[[ AVAILABLE DATA, beginning ]]

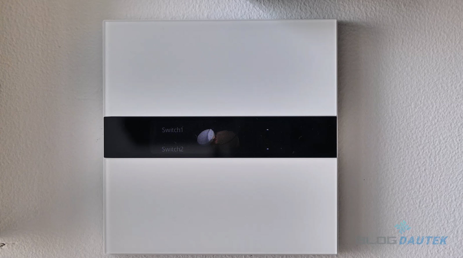 L’interface LCD permet de personnaliser l’étiquetage des boutons et de paramétrer des scènes. Les deux boutons de gauche servent de relais physiques pour contrôler directement une charge, tandis que les deux de droite sont sans fil pour déclencher des scènes ou commandes sur d’autres appareils.
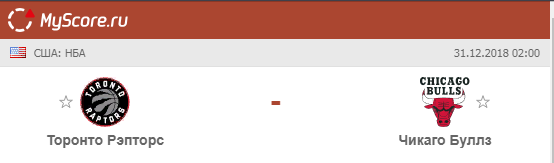 Рэпторс (Торонто) vs Буллз (Чикаго), который состоится 31.12.2018 в 02:00 по МСК.
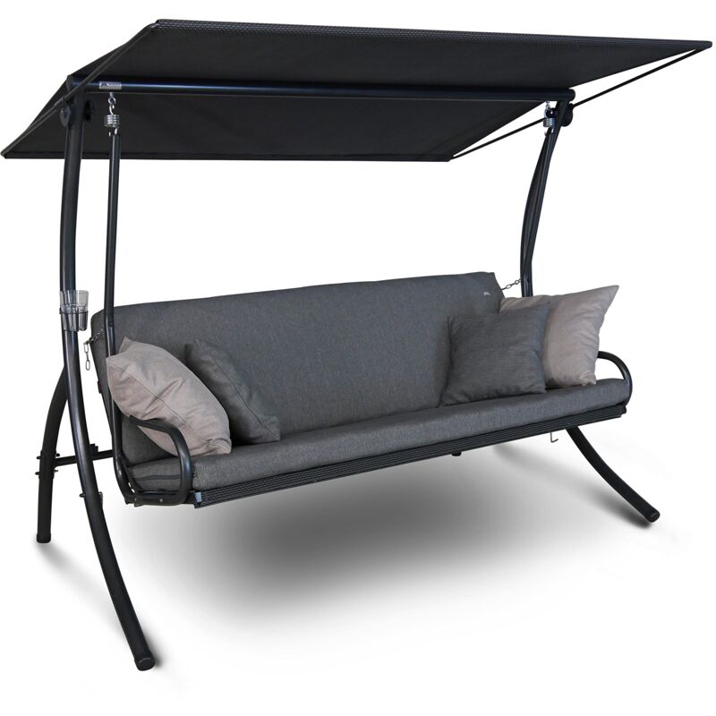 L'altalena Angerer Elegance Smart Stone offre un eccellente comfort grazie al rivestimento del sedile in tessuto flessibile Primetex. Il telaio è realizzato in acciaio zincato, che è stato rifinito con un rivestimento a polvere antigraffio in colore grigio ferro per una protezione ottimale dalla corrosione. Molte parti sono già premontate in fabbrica, quindi la struttura del dondolo Hollywood è semplice. Il cuscino è composto da un cuscino da seduta e uno schienale e due cuscini per divano piccoli e due grandi. Tutti gli elementi del dondolo sono dotati di una cerniera e quindi sfoderabili e lavabili. I rivestimenti sono realizzati in un tessuto di poliestere particolarmente morbido e di alta qualità. Il parasole dell'altalena Elegance Smart Hollywood è realizzato in tessuto Primetex resistente alle intemperie e lavabile. Il tetto è regolabile in inclinazione e può essere spostato in avanti e indietro per ottenere una protezione solare ottimale. Inoltre è regolabile l'angolo di

[[ AVAILABLE DATA, end ]]

Output all the data, exactly, without images.

 L’interface LCD permet de personnaliser l’étiquetage des boutons et de paramétrer des scènes. Les deux boutons de gauche servent de relais physiques pour contrôler directement une charge, tandis que les deux de droite sont sans fil pour déclencher des scènes ou commandes sur d’autres appareils.
 Рэпторс (Торонто) vs Буллз (Чикаго), который состоится 31.12.2018 в 02:00 по МСК.
 L'altalena Angerer Elegance Smart Stone offre un eccellente comfort grazie al rivestimento del sedile in tessuto flessibile Primetex. Il telaio è realizzato in acciaio zincato, che è stato rifinito con un rivestimento a polvere antigraffio in colore grigio ferro per una protezione ottimale dalla corrosione. Molte parti sono già premontate in fabbrica, quindi la struttura del dondolo Hollywood è semplice. Il cuscino è composto da un cuscino da seduta e uno schienale e due cuscini per divano piccoli e due grandi. Tutti gli elementi del dondolo sono dotati di una cerniera e quindi sfoderabili e lavabili. I rivestimenti sono realizzati in un tessuto di poliestere particolarmente morbido e di alta qualità. Il parasole dell'altalena Elegance Smart Hollywood è realizzato in tessuto Primetex resistente alle intemperie e lavabile. Il tetto è regolabile in inclinazione e può essere spostato in avanti e indietro per ottenere una protezione solare ottimale. Inoltre è regolabile l'angolo di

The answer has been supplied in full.